-------- Input data --------

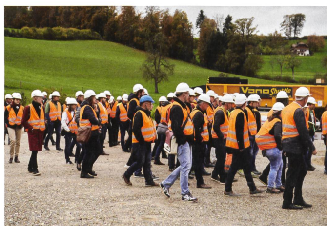
Die meisten der 500 Besucher der Swiss Dimensions 2019 nutzen nicht nur das Angebot der Fachvorträge und Informationsstände, sondern besuchten auch eine der geführten Touren im Aussenbereich.
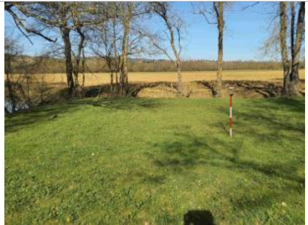
La laisse se situe au niveau de la perche du GPS - Photo © AGERIN

Coordonnées WGS84 : X: 1.05617930 / Y: 43.91110960
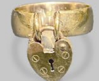
ハートパドロックリング 英国 1905年 9金 幅17×厚み4.8mm 16号(サイズ直し無料) 税込 165,000円
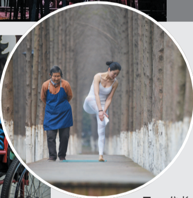
一位长者从林间晨练的女子身边经过
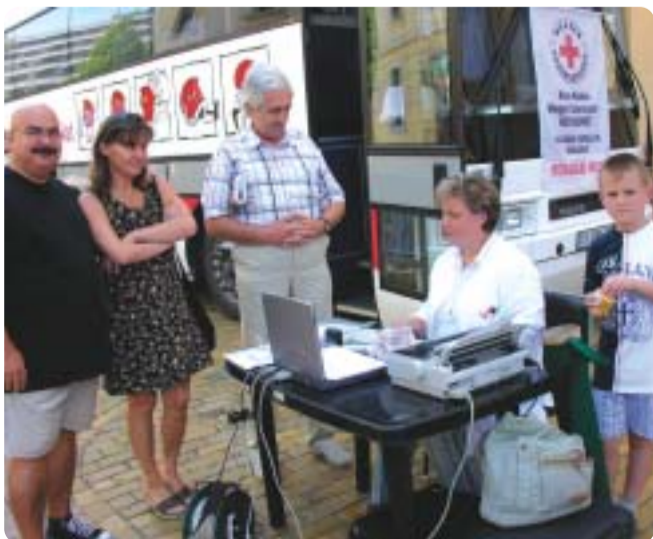
A Vöröskereszt és a Porta Egyesület idén ismét megszervezi a Nagytemplom oldalán a buszos véradást augusztus 19-én és 20-án. Minden érdeklődőt és pártolót szeretettel várunk.
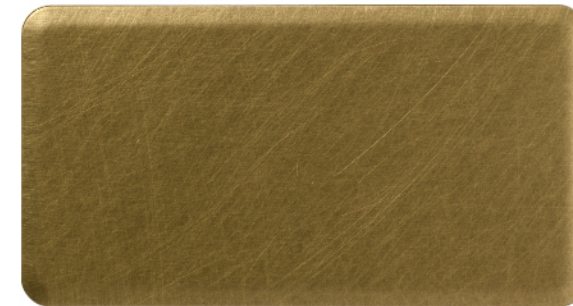
FTU-008 青铜和纹 Textured Bronze
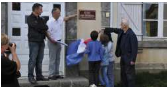
Lors du dévoilement de la plaque.

--------

• **What you have to do**: All pictures are to be skipped; the lines from the first line of the records through the line containing "Coordonnées WGS84 : X: 1.05617930" are to be repeated exactly, both ends included.

• **Result of this task**:
Die meisten der 500 Besucher der Swiss Dimensions 2019 nutzen nicht nur das Angebot der Fachvorträge und Informationsstände, sondern besuchten auch eine der geführten Touren im Aussenbereich.
La laisse se situe au niveau de la perche du GPS - Photo © AGERIN

Coordonnées WGS84 : X: 1.05617930 / Y: 43.91110960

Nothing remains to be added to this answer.